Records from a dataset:
##########

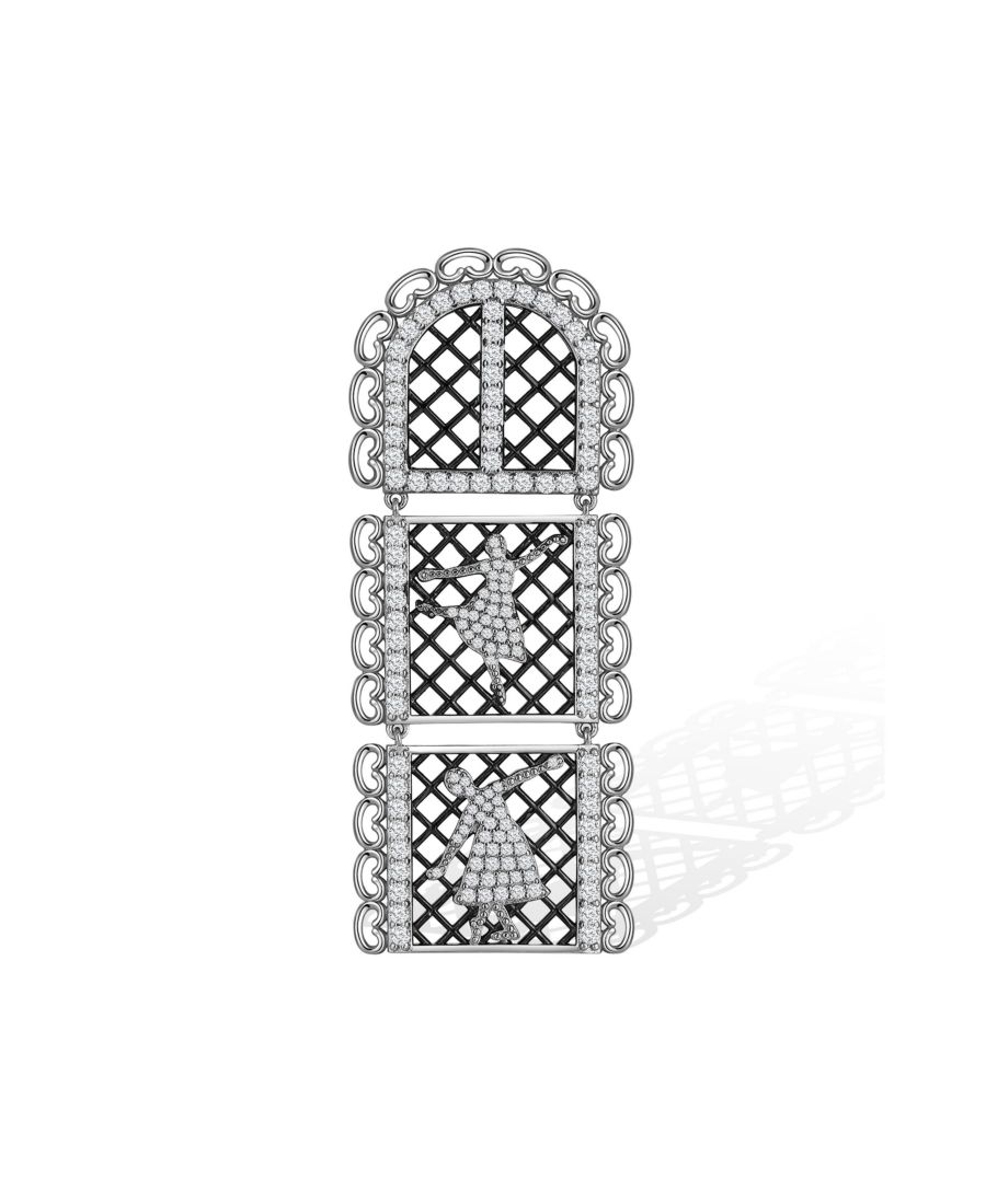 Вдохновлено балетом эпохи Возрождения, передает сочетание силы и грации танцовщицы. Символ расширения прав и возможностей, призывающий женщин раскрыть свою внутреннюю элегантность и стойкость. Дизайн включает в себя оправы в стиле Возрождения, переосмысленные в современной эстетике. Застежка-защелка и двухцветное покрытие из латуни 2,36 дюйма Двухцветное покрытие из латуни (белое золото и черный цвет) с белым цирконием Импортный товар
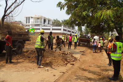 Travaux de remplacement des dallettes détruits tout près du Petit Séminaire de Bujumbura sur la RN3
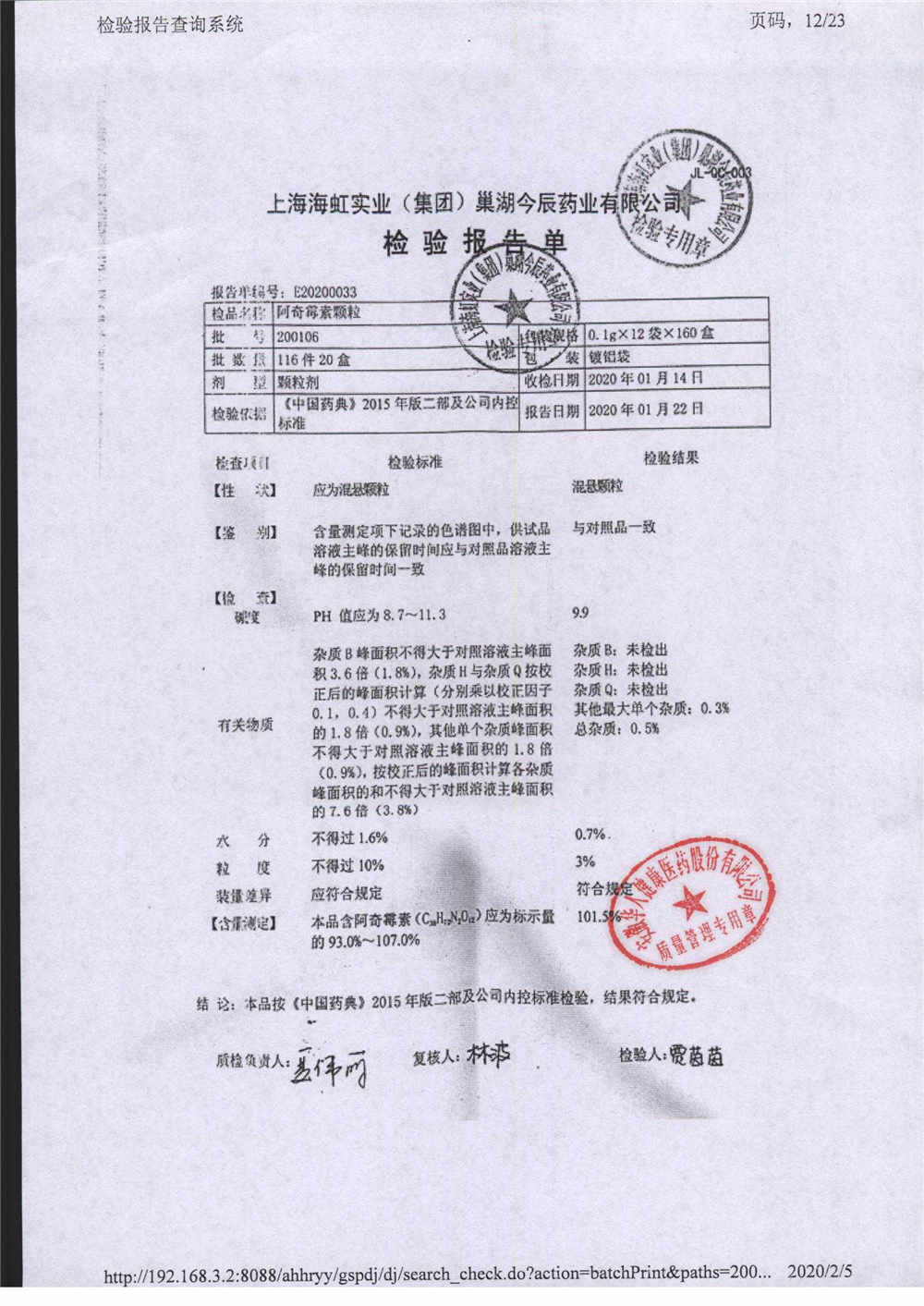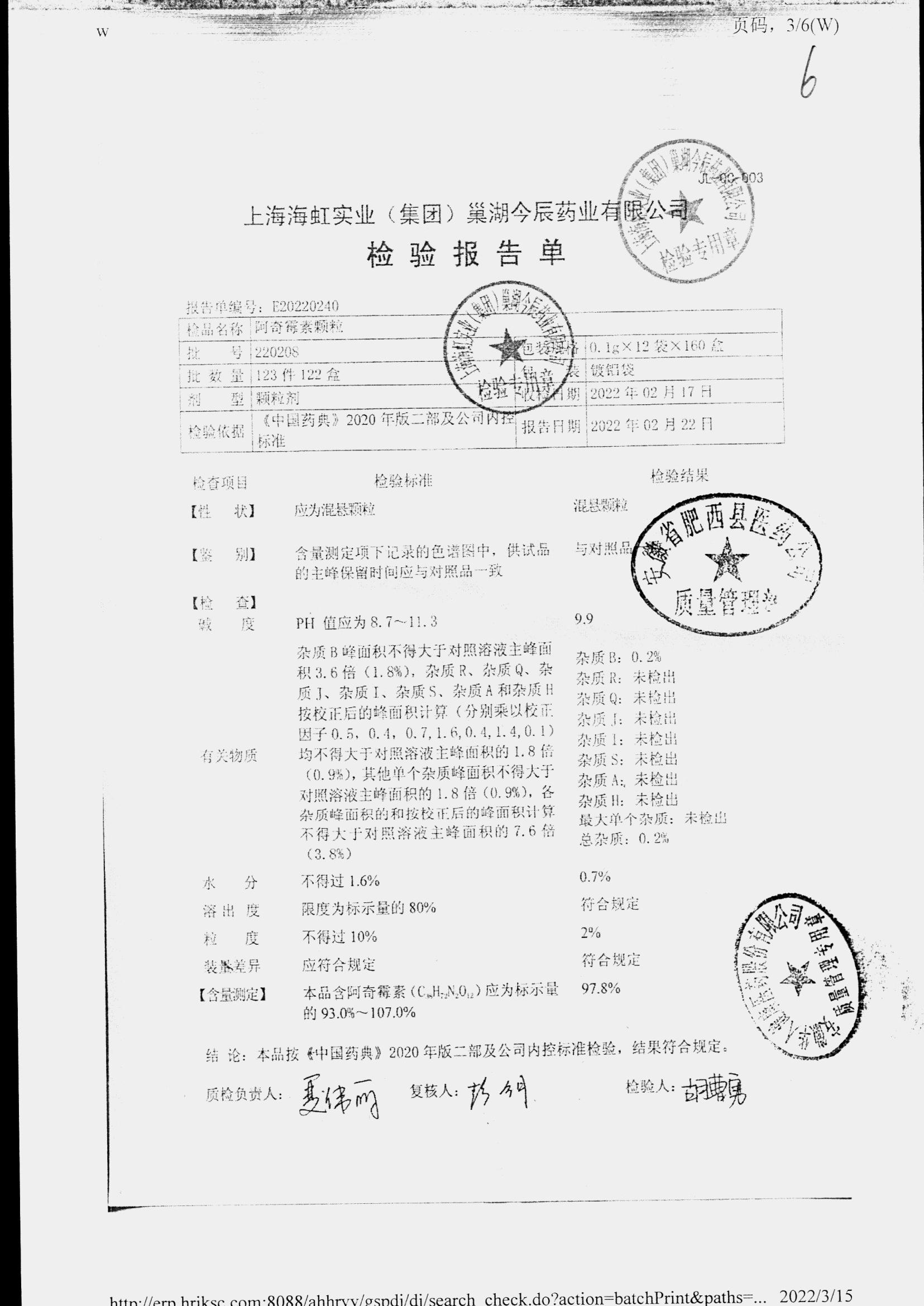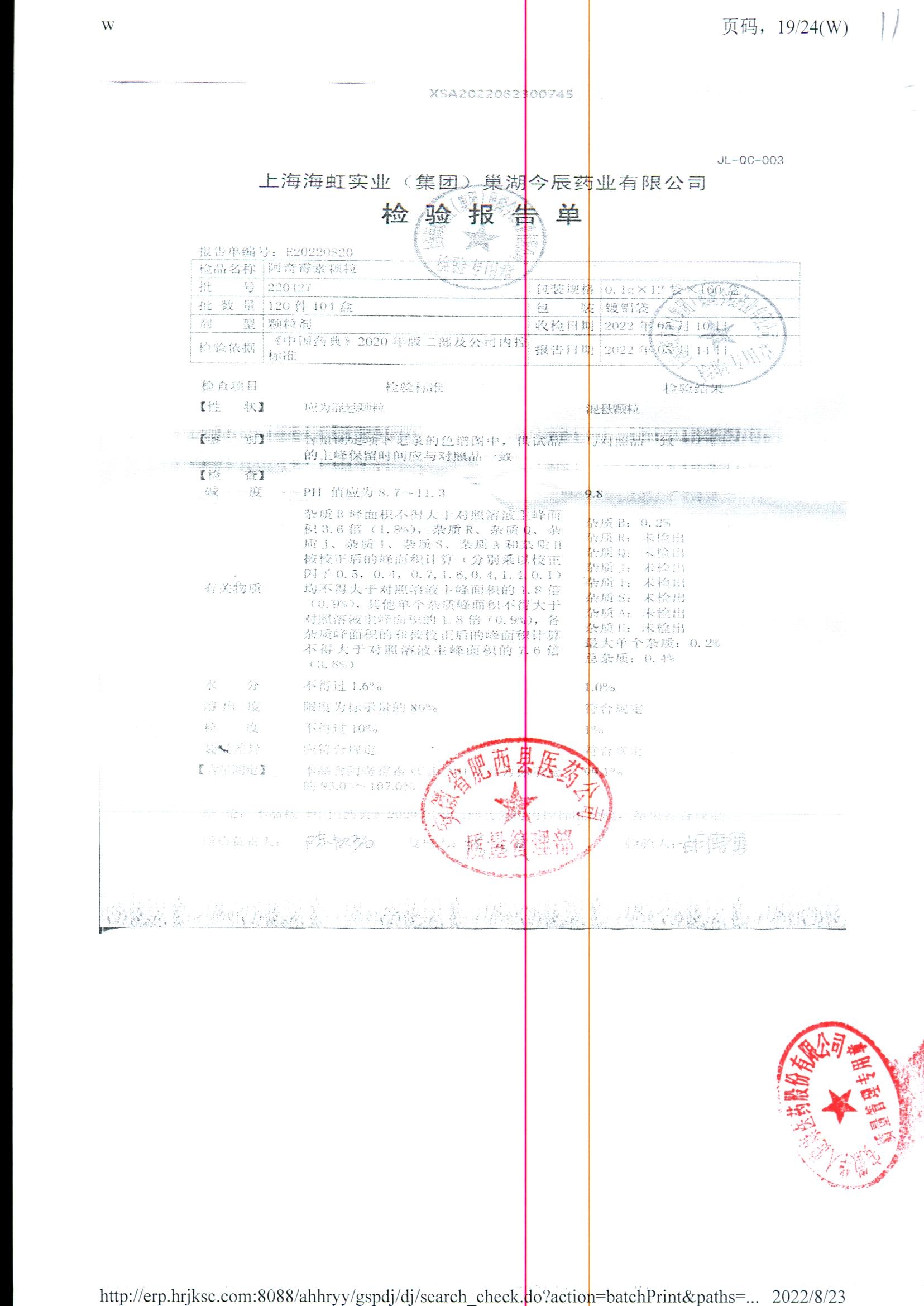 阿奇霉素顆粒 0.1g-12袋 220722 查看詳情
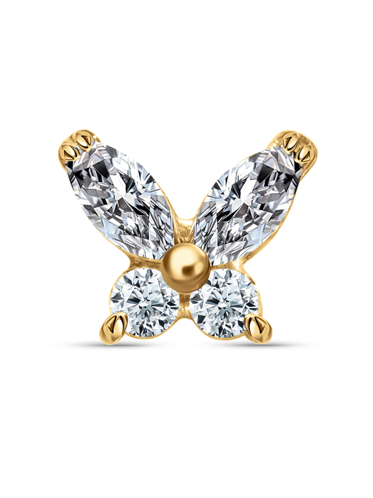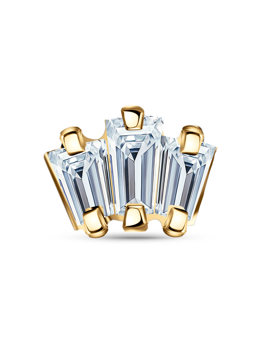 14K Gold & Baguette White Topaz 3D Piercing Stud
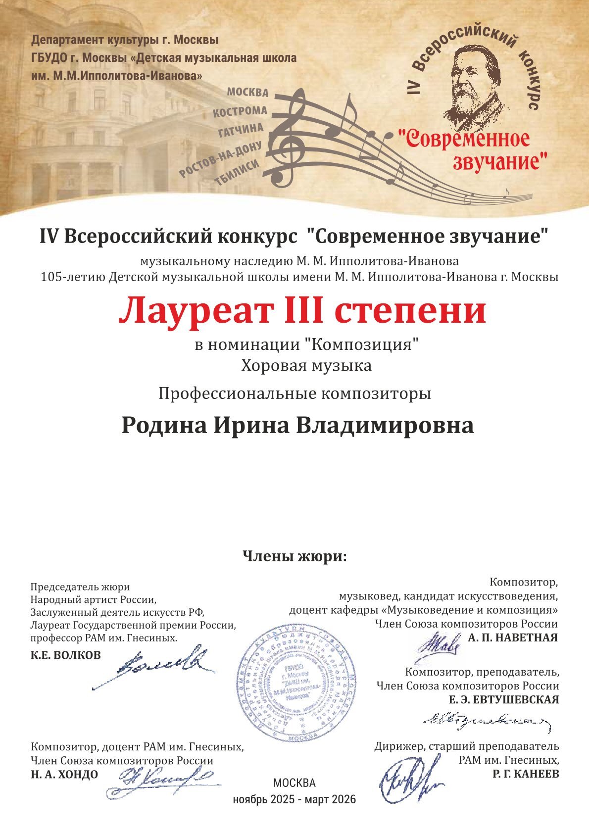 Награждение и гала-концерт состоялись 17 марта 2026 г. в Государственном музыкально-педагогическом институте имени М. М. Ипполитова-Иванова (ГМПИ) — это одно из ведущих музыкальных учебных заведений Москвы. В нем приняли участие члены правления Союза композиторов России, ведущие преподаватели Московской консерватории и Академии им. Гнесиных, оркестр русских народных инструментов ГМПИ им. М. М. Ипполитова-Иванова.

##########

Omit the pictures; print the records above exactly.

Expected output:
 Вдохновлено балетом эпохи Возрождения, передает сочетание силы и грации танцовщицы. Символ расширения прав и возможностей, призывающий женщин раскрыть свою внутреннюю элегантность и стойкость. Дизайн включает в себя оправы в стиле Возрождения, переосмысленные в современной эстетике. Застежка-защелка и двухцветное покрытие из латуни 2,36 дюйма Двухцветное покрытие из латуни (белое золото и черный цвет) с белым цирконием Импортный товар
 Travaux de remplacement des dallettes détruits tout près du Petit Séminaire de Bujumbura sur la RN3
 阿奇霉素顆粒 0.1g-12袋 220722 查看詳情
 14K Gold & Baguette White Topaz 3D Piercing Stud
 Награждение и гала-концерт состоялись 17 марта 2026 г. в Государственном музыкально-педагогическом институте имени М. М. Ипполитова-Иванова (ГМПИ) — это одно из ведущих музыкальных учебных заведений Москвы. В нем приняли участие члены правления Союза композиторов России, ведущие преподаватели Московской консерватории и Академии им. Гнесиных, оркестр русских народных инструментов ГМПИ им. М. М. Ипполитова-Иванова.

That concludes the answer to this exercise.